Category of Rational Action Agents

Category of RationalAction agents (fixed S, A types) with score-proportionality as morphisms.

If agent₂'s scores are k times agent₁'s scores (for k > 0), Luce scale invariance (RationalAction.scaleBy_policy) guarantees identical policies. This makes the category a groupoid: every morphism is invertible (with inverse constant 1/k).

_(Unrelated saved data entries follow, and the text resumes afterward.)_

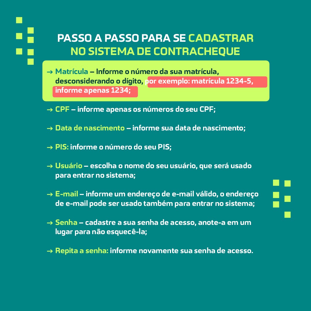 PASO A PASSO PARA SE CADASTRAR NO SISTEMA DE CONTRACHEQUE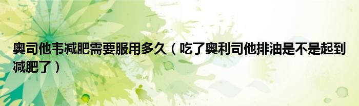 奥司他韦减肥需要服用多久(吃了奥利司他排油是不是起到减肥了)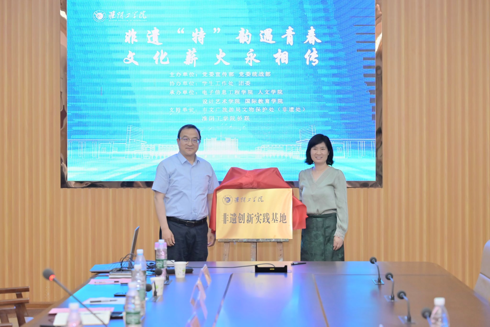 2025年5月21日,由淮阴工公司EVO真人视讯承办的非物质文化遗产创新实践基地揭牌仪式在萧湖校区文博楼隆重举行。公司党委副书记吴建华、党委宣传部部长曹苏群,淮安市文化广电和旅游局副局长傅建霞等嘉宾莅临指导,与非遗传承人、师生代表共聚一堂,见证这一文化育人新平台的诞生。仪式由公司党委书记李晓慧主持。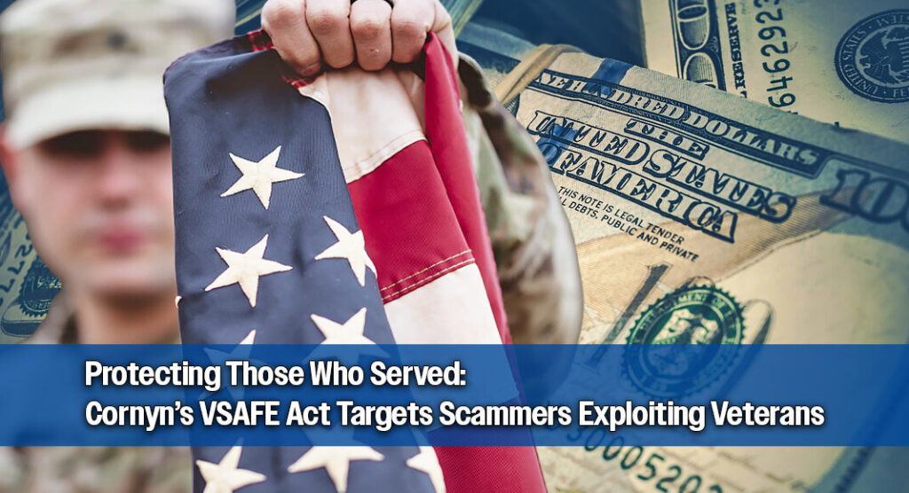 Texas Border Business WASHINGTON – El senador estadounidense John Cornyn (R-TX) presentó el Acta de Protección a los Contribuyentes Estadounidenses, un paquete legislativo integral para recuperar fondos robados, proteger el dinero de los contribuyentes y detener a los estafadores. Este incluye su Acta de Estafas y Evasión de Fraude contra Veteranos (VSAFE), que establecería un Oficial de Estafas y Evasión de Fraude contra Veteranos en el Departamento de Asuntos de Veteranos (VA) de los Estados Unidos: El artículo completo sobre la iniciativa del Senador Cornyn para recuperar $240 mil millones en fondos robados apareció en Texas Border Business.

The key downstream consumer is RSA/Structural/ModelMorphism.lean, where proportional S1 scores imply identical L1 posteriors.

structure Core.Categorical.AgentObj (S : Type u_1) (A : Type u_2) [Fintype A] : Type (max u_1 u_2)

Bundled rational action agent: an object in the agent category.

• agent : RationalAction S A

  The underlying rational action agent.

structure Core.Categorical.AgentMor {S : Type u_1} {A : Type u_2} [Fintype A] (ra₁ ra₂ : AgentObj S A) : Type

A morphism between agents: a score proportionality witness.

AgentMor ra₁ ra₂ asserts that ra₂'s scores are k times ra₁'s scores for some positive constant k. By Luce invariance, this guarantees that both agents have identical policies.

• k : ℝ

  The proportionality constant.

• k_pos : 0 < self.k

  The constant is positive.

• proportional (s : S) (a : A) : ra₂.agent.score s a = self.k * ra₁.agent.score s a

  Scores are proportional: score₂(s,a) = k · score₁(s,a).

theorem Core.Categorical.AgentMor.ext {S : Type u_1} {A : Type u_2} [Fintype A] {ra₁ ra₂ : AgentObj S A} {m₁ m₂ : AgentMor ra₁ ra₂} (h : m₁.k = m₂.k) : m₁ = m₂

theorem Core.Categorical.AgentMor.ext_iff {S : Type u_1} {A : Type u_2} [Fintype A] {ra₁ ra₂ : AgentObj S A} {m₁ m₂ : AgentMor ra₁ ra₂} : m₁ = m₂ ↔ m₁.k = m₂.k

def Core.Categorical.AgentMor.id {S : Type u_1} {A : Type u_2} [Fintype A] (ra : AgentObj S A) : AgentMor ra ra

Identity morphism: scores are 1 × themselves.

Equations

• Core.Categorical.AgentMor.id ra = { k := 1, k_pos := Core.Categorical.AgentMor.id._proof_1, proportional := ⋯ }

def Core.Categorical.AgentMor.comp {S : Type u_1} {A : Type u_2} [Fintype A] {ra₁ ra₂ ra₃ : AgentObj S A} (f : AgentMor ra₁ ra₂) (g : AgentMor ra₂ ra₃) : AgentMor ra₁ ra₃

Composition: if score₂ = k₁ · score₁ and score₃ = k₂ · score₂, then score₃ = (k₂ · k₁) · score₁.

Equations

• f.comp g = { k := g.k * f.k, k_pos := ⋯, proportional := ⋯ }

noncomputable def Core.Categorical.AgentMor.inv {S : Type u_1} {A : Type u_2} [Fintype A] {ra₁ ra₂ : AgentObj S A} (f : AgentMor ra₁ ra₂) : AgentMor ra₂ ra₁

Inverse morphism: if score₂ = k · score₁, then score₁ = (1/k) · score₂.

Equations

• f.inv = { k := f.k⁻¹, k_pos := ⋯, proportional := ⋯ }

instance Core.Categorical.instCategoryAgentObj {S : Type u_1} {A : Type u_2} [Fintype A] : CategoryTheory.Category.{0, max u_2 u_1} (AgentObj S A)

Equations

• One or more equations did not get rendered due to their size.

theorem Core.Categorical.AgentMor.preserves_policy {S : Type u_1} {A : Type u_2} [Fintype A] {ra₁ ra₂ : AgentObj S A} (m : AgentMor ra₁ ra₂) (s : S) (a : A) : ra₁.agent.policy s a = ra₂.agent.policy s a

Luce invariance: a morphism preserves the policy.

If scores are proportional, both agents assign the same probability to every action in every state.

theorem Core.Categorical.AgentMor.comp_preserves_policy {S : Type u_1} {A : Type u_2} [Fintype A] {ra₁ ra₂ ra₃ : AgentObj S A} (f : AgentMor ra₁ ra₂) (g : AgentMor ra₂ ra₃) (s : S) (a : A) : ra₁.agent.policy s a = ra₃.agent.policy s a

Composition of morphisms preserves policy preservation.